Work to be completed -> Your reply is to be the lines below, exactly as written, with images omitted.

Exercise data ->

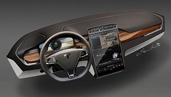 車內部分,特斯拉Model X將延用Model S的設計,所有的行車信息以及控制系統都整合在超大尺寸的17英寸觸碰屏幕上。
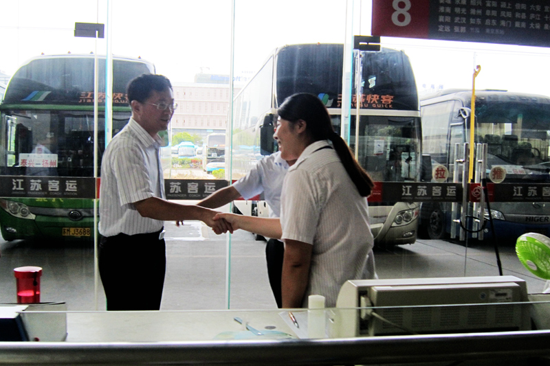 8月8日下午,市委常委、副市長姚蘇華在市政協(xié)秘書長、市交通運輸局局長王駿,市政府副秘書長、政府辦主任湯天波,揚州交通產(chǎn)業(yè)集團董事長凌衛(wèi)東、市運管處處長居遠(yuǎn)山等陪同下來到揚州汽車東站慰問高溫下戰(zhàn)斗在一線的干部職工。集團公司領(lǐng)導(dǎo)吳忠俊、顧懷、萬雷、陳家宏陪同慰問。
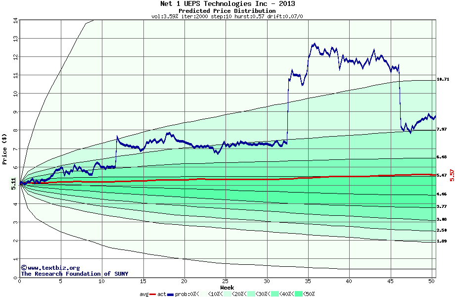 The following graph plots the year-to-date performance of the stock for 2013 compared to the probability calculated by a random walk model.

Problem solution ->
 車內部分,特斯拉Model X將延用Model S的設計,所有的行車信息以及控制系統都整合在超大尺寸的17英寸觸碰屏幕上。
 8月8日下午,市委常委、副市長姚蘇華在市政協(xié)秘書長、市交通運輸局局長王駿,市政府副秘書長、政府辦主任湯天波,揚州交通產(chǎn)業(yè)集團董事長凌衛(wèi)東、市運管處處長居遠(yuǎn)山等陪同下來到揚州汽車東站慰問高溫下戰(zhàn)斗在一線的干部職工。集團公司領(lǐng)導(dǎo)吳忠俊、顧懷、萬雷、陳家宏陪同慰問。
 The following graph plots the year-to-date performance of the stock for 2013 compared to the probability calculated by a random walk model.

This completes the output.